Wu Delang, chairman of the Taiwan Hospital Association, stated that the medical profession values discipline and ethics, and should severely punish such "black sheep" and scoundrels within their ranks.
This marks the first time the DOH has imposed its harshest penalty of revoking medical licenses. The DOH’s Medical Affairs Department admitted that the most severe punishment in the past was suspension of practice, and no medical licenses had been revoked in the past four years. Once a license is revoked, the individual is permanently barred from practicing medicine.
According to the Criminal Investigation Bureau’s Fourth Division, the Fu Jiansen group, since 2003, conspired with doctors and fake patients to switch specimens, falsely diagnosing healthy individuals with cancer and performing unnecessary rectal, breast, uterine, and ovarian removal surgeries. Doctors Yang Chaoran from Keelung Hospital, Lai Dexing from Yiren General Hospital in Taoyuan County, and Wu Guojing from St. Joseph’s Hospital in Yunlin County have confessed to the crimes, with conclusive evidence. The DOH decided to revoke their licenses.
DOH Minister Yang Zhiliang, along with Taiwan Medical Association Chairman Li Mingbin and Hospital Association Chairman Wu Delang, disclosed that besides the three doctors, seven patients were involved—four underwent partial mastectomies, breast biopsies, or chemotherapy, two received chemotherapy, and ringleader Fu Jiansen himself underwent rectal surgery and chemotherapy.
The case is expected to expand further, with four more doctors under investigation. The implicated hospitals include both public and private institutions, ranging from medical centers to regional hospitals, making this the largest-scale scandal of its kind. Yang Zhiliang expressed "deep sorrow" and, despite ongoing investigations and pending court rulings, emphasized the need to uphold the medical profession’s dignity by revoking the accused doctors’ licenses.

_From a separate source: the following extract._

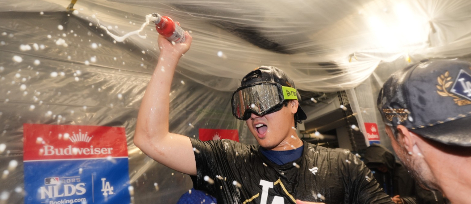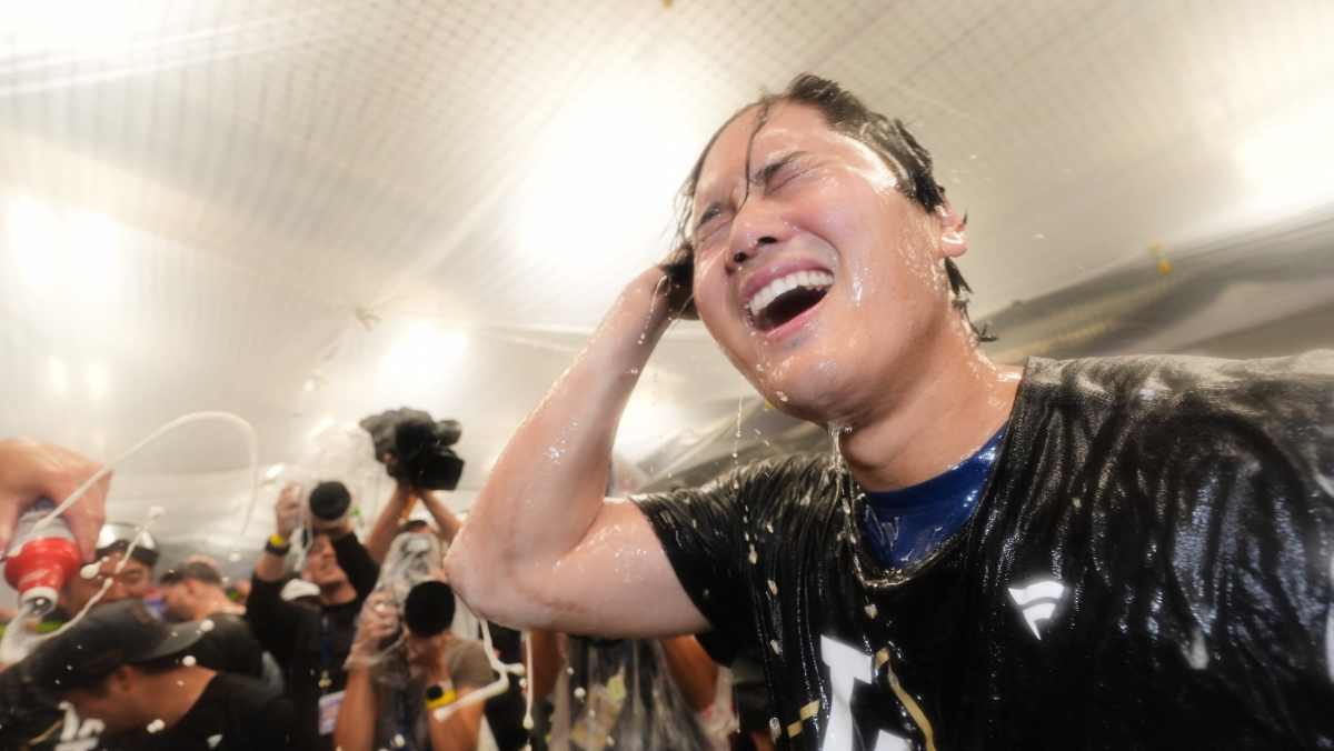 洛杉磯道奇二刀流球星大谷翔平,在國家聯盟分區系列賽打得並不理想,18打數苦吞9K打擊率1成都不到,但他在系列賽G1仍以投手身分繳出好表現為團隊做出貢獻,在球隊確定晉級國聯冠軍戰這天的香檳浴,他笑說:「做幾次都沒關係,我們會努力專注,爭取在下一輪也能再做一次」,另外他也大讚學弟佐佐木朗希的表現「很可靠」。

Shi Chongliang, director of the DOH’s Medical Affairs Department, noted that past physician misconduct typically involved falsifying diagnostic reports, such as Barthel Index assessments, but never intentional harm to patients. In this case, doctors switched specimens and even mixed formaldehyde-preserved cancer patients’ samples with healthy ones to justify surgeries and chemotherapy.